From the listing below, please restate exactly the lines beginning at the one with "The table number" and ending at the one with "Example plot calculating", both included, and skip the pictures.

───── The input

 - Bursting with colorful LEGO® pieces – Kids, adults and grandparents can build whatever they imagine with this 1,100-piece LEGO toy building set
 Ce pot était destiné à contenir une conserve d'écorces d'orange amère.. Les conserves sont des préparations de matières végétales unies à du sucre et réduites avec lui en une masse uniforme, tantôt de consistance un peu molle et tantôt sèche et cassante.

──────────
───── The input

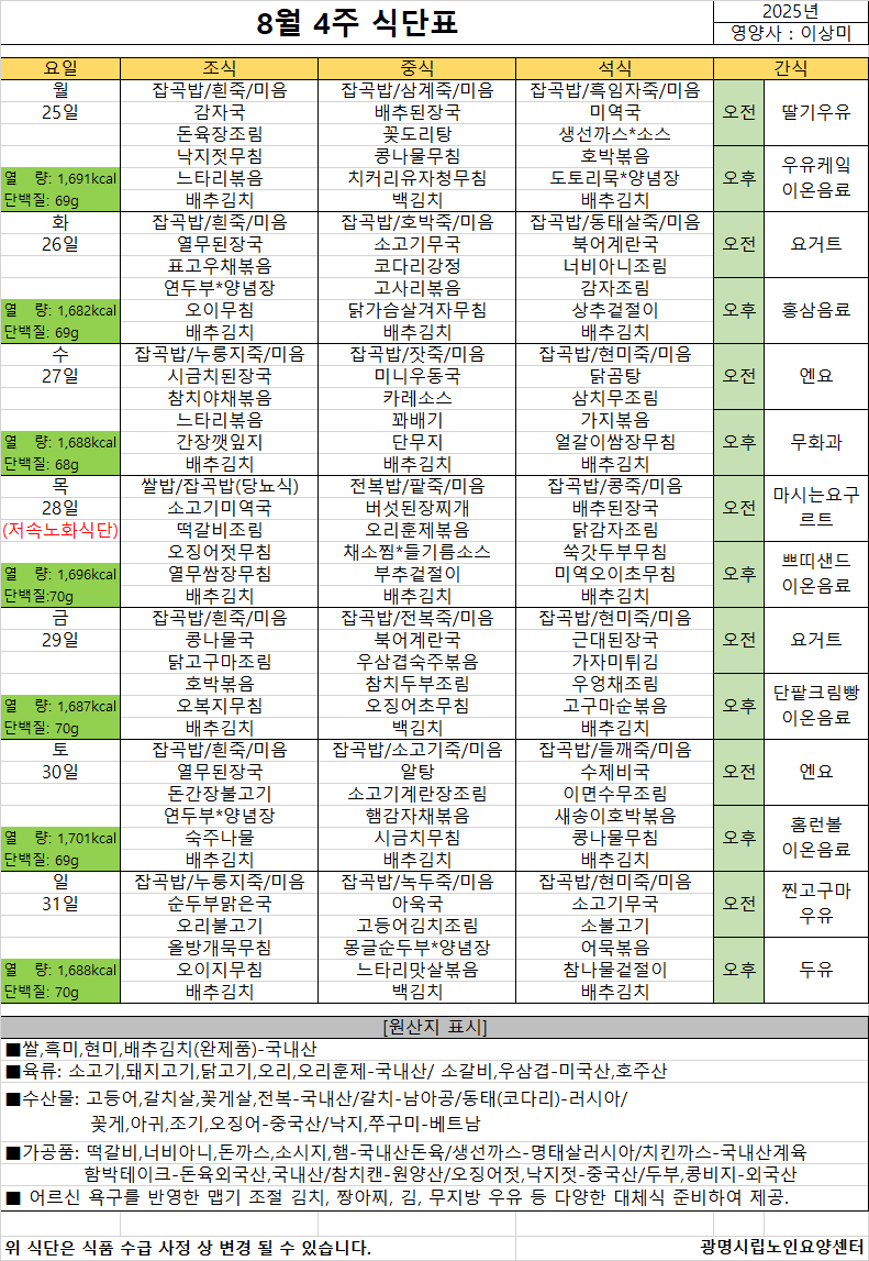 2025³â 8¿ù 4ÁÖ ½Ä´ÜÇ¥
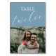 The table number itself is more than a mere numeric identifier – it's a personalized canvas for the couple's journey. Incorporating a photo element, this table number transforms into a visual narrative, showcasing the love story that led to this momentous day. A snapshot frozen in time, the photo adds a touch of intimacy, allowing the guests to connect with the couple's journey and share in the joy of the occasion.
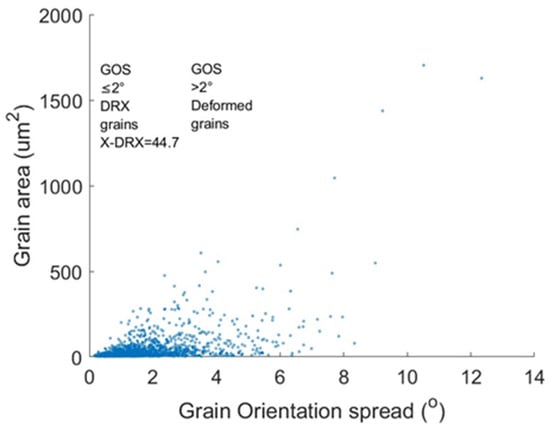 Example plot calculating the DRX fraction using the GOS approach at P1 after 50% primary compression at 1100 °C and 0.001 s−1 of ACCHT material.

──────────
───── The input

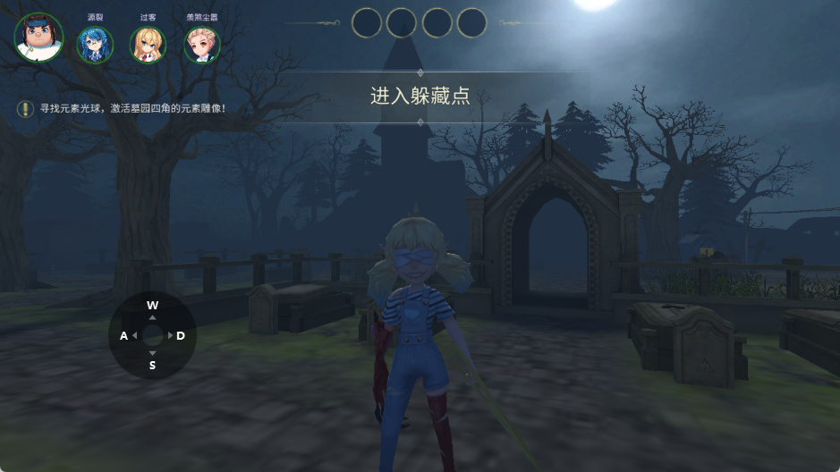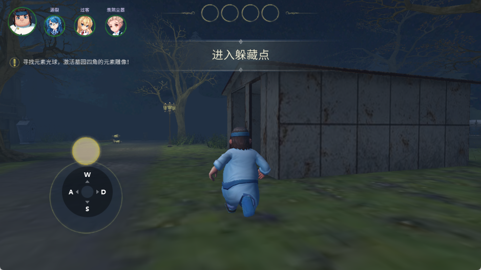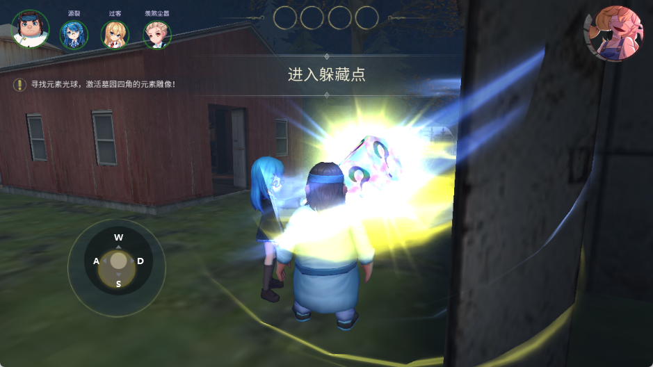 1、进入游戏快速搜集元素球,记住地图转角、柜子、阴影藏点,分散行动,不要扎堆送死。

──────────

**Reply**
 The table number itself is more than a mere numeric identifier – it's a personalized canvas for the couple's journey. Incorporating a photo element, this table number transforms into a visual narrative, showcasing the love story that led to this momentous day. A snapshot frozen in time, the photo adds a touch of intimacy, allowing the guests to connect with the couple's journey and share in the joy of the occasion.
 Example plot calculating the DRX fraction using the GOS approach at P1 after 50% primary compression at 1100 °C and 0.001 s−1 of ACCHT material.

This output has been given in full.